━━━━━ EXERCISE DATA
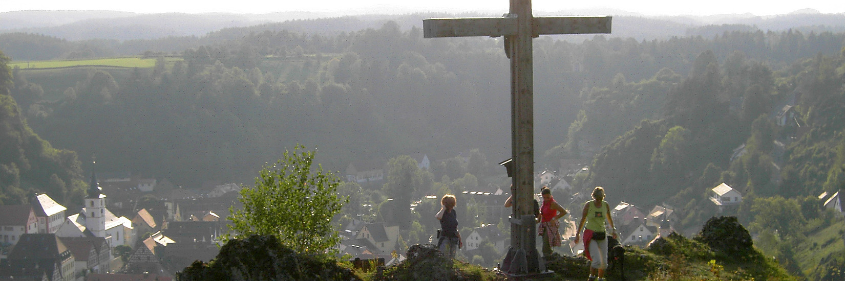 , kurz Richtung Ortsmitte, dann rechts in die Hauptstraße und immer geradeaus, vorbei an der katholischen Stadtpfarrkirche und an malerischen Fachwerkhäusern bis Mariental. Hier links über die Püttlach und weiter bis zur Haltestelle Mariental, wo wir rechts abbiegen in die schmale Gasse namens Fronfeste in Richtung Waldcafe. Gleich nach dem Salon „Haarscharf“ geht‘s steil links rauf zur Bergwachthütte. Es sollen 165 Stufen sein – wollen Sie nachprüfen?
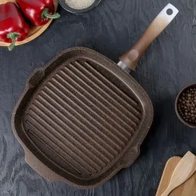 Сковорода-гриль квадратная 280х280мм с ручкой, АП (кофейный мрамор) сгкмк280а
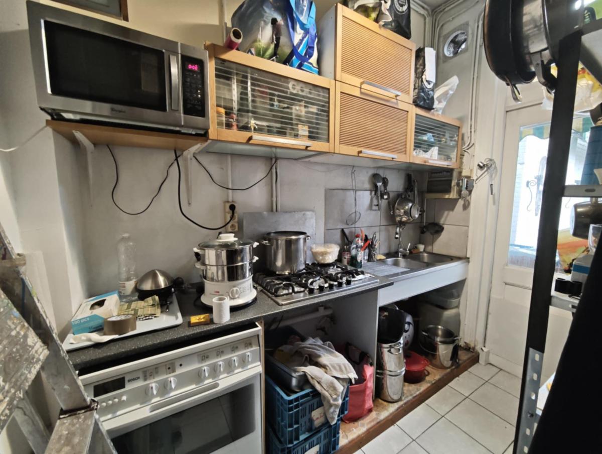 Rez-de-chaussée : salle de café avec comptoir, living avec coin cuisine (équipée au gaz), un WC
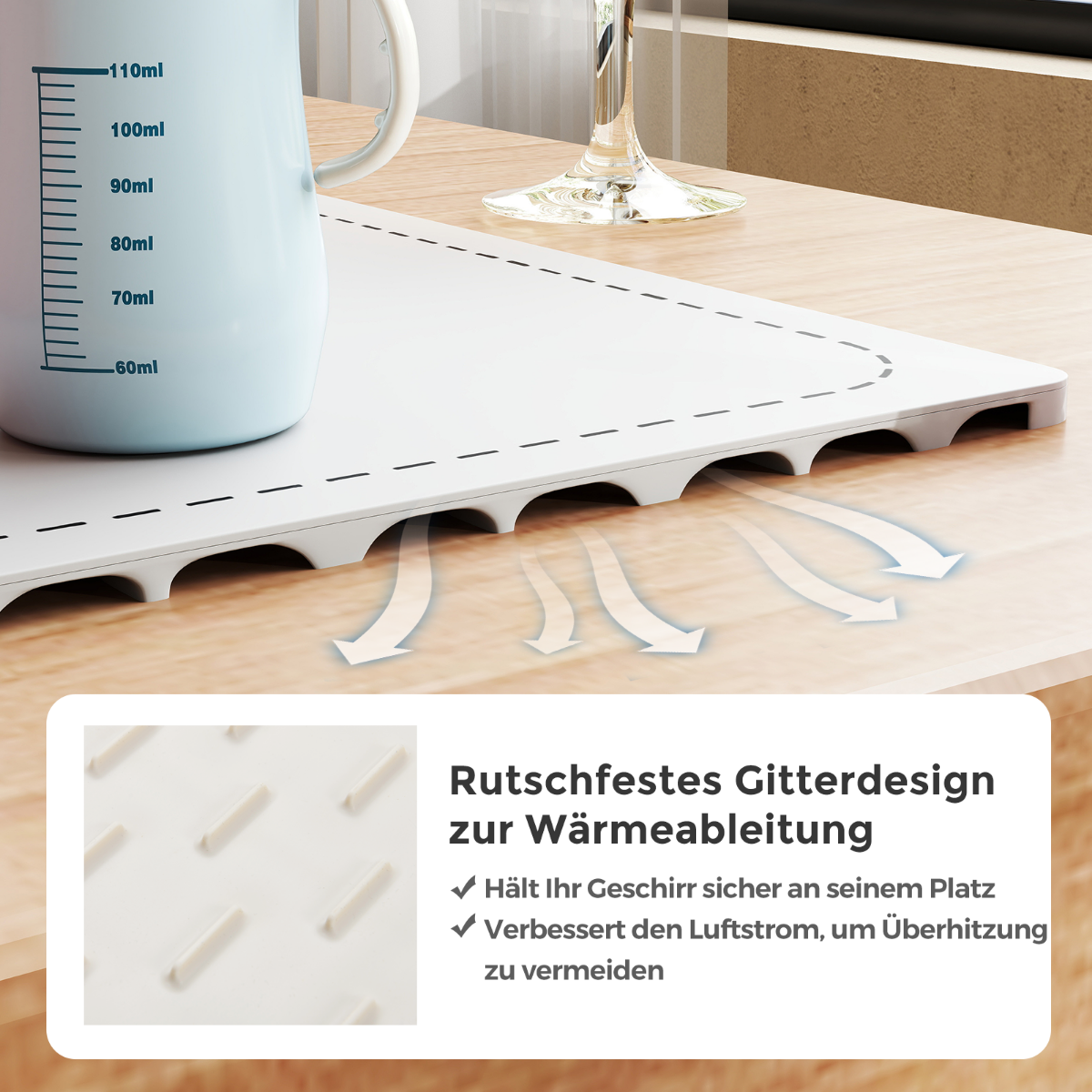 Σημείωση: Σχεδιασμένο για χρήση σε επιφάνειες ανθεκτικές στη θερμότητα, όπως ατσάλι, στερεό ξύλο ή πλακάκια, δεν πρέπει ποτέ να τοποθετηθεί απευθείας σε επιφάνειες ευαίσθητες στη θερμότητα, όπως μάρμαρο, γρανίτη, χαλαζία, σκληρυμένο γυαλί ή Corian. Για επιπλέον ασφάλεια προτείνουμε πάντα τη χρήση ενός ανθεκτικού στη θερμότητα υπόβαθρου (δεν περιλαμβάνεται) κάτω από το χαλάκι, ακόμη και σε εγκεκριμένες επιφάνειες.
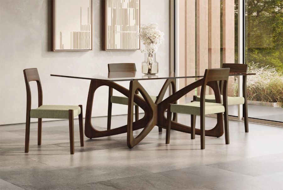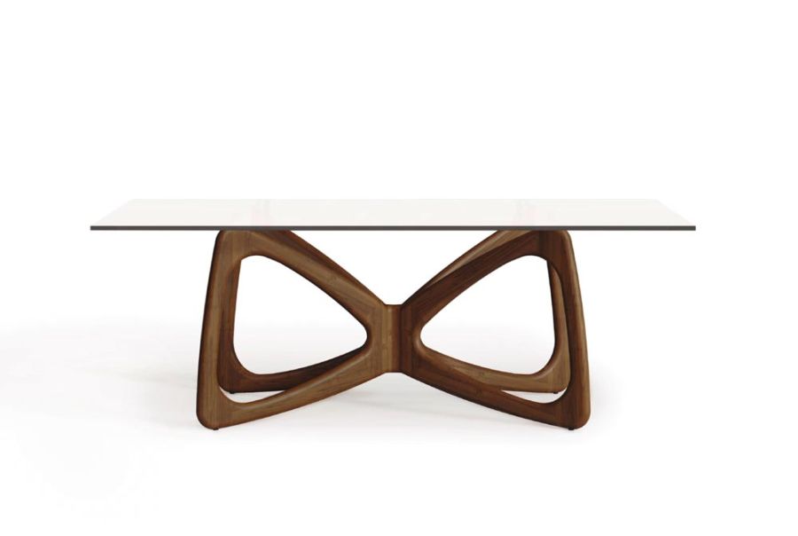 Butterfly Dining Room is crafted in solid American black walnut hardwood with natural finish and solid Oak in a range of finishes and topped with clear tempered 15 mm glass (glass tops are imported). Dining items in walnut are finished with a low sheen (10 sheen) topcoat. The finish is GREENGUARD Certified for low chemical emissions.
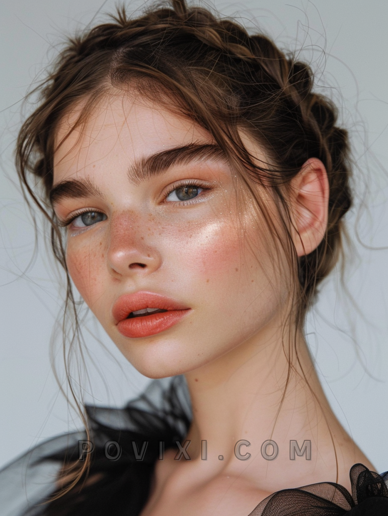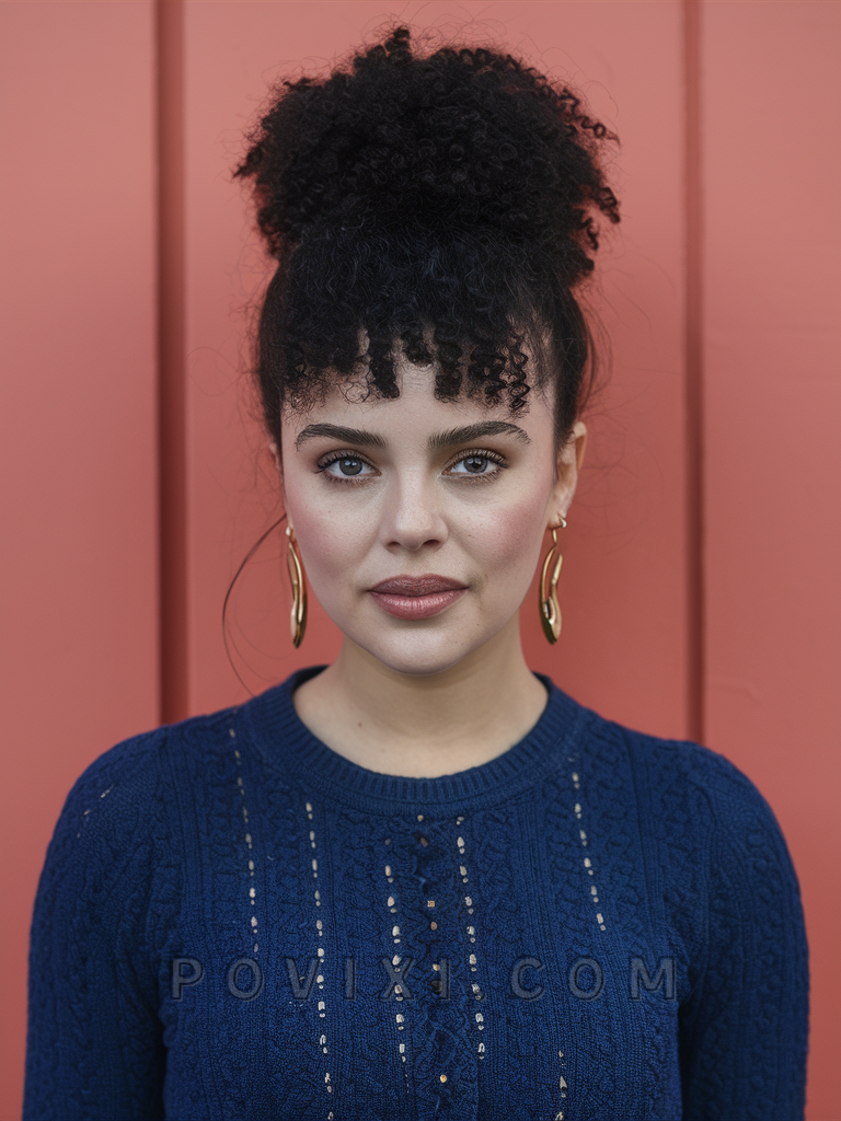 The high bun with curly bangs combines the elegance of a bun with the playful texture of curly bangs. This style is perfect for both casual and formal occasions, suiting all face shapes and highlighting eye colors like brown and hazel.
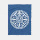 A vintage compass or wind rose design in white on a blue background gives this item an antique nautical look.
━━━━━━━━━━
_THE PROBLEM_
A word-for-word repetition of the data above, without pictures, is the expected answer.

_RESULT_
 , kurz Richtung Ortsmitte, dann rechts in die Hauptstraße und immer geradeaus, vorbei an der katholischen Stadtpfarrkirche und an malerischen Fachwerkhäusern bis Mariental. Hier links über die Püttlach und weiter bis zur Haltestelle Mariental, wo wir rechts abbiegen in die schmale Gasse namens Fronfeste in Richtung Waldcafe. Gleich nach dem Salon „Haarscharf“ geht‘s steil links rauf zur Bergwachthütte. Es sollen 165 Stufen sein – wollen Sie nachprüfen?
 Сковорода-гриль квадратная 280х280мм с ручкой, АП (кофейный мрамор) сгкмк280а
 Rez-de-chaussée : salle de café avec comptoir, living avec coin cuisine (équipée au gaz), un WC
 Σημείωση: Σχεδιασμένο για χρήση σε επιφάνειες ανθεκτικές στη θερμότητα, όπως ατσάλι, στερεό ξύλο ή πλακάκια, δεν πρέπει ποτέ να τοποθετηθεί απευθείας σε επιφάνειες ευαίσθητες στη θερμότητα, όπως μάρμαρο, γρανίτη, χαλαζία, σκληρυμένο γυαλί ή Corian. Για επιπλέον ασφάλεια προτείνουμε πάντα τη χρήση ενός ανθεκτικού στη θερμότητα υπόβαθρου (δεν περιλαμβάνεται) κάτω από το χαλάκι, ακόμη και σε εγκεκριμένες επιφάνειες.
 Butterfly Dining Room is crafted in solid American black walnut hardwood with natural finish and solid Oak in a range of finishes and topped with clear tempered 15 mm glass (glass tops are imported). Dining items in walnut are finished with a low sheen (10 sheen) topcoat. The finish is GREENGUARD Certified for low chemical emissions.
 The high bun with curly bangs combines the elegance of a bun with the playful texture of curly bangs. This style is perfect for both casual and formal occasions, suiting all face shapes and highlighting eye colors like brown and hazel.
 A vintage compass or wind rose design in white on a blue background gives this item an antique nautical look.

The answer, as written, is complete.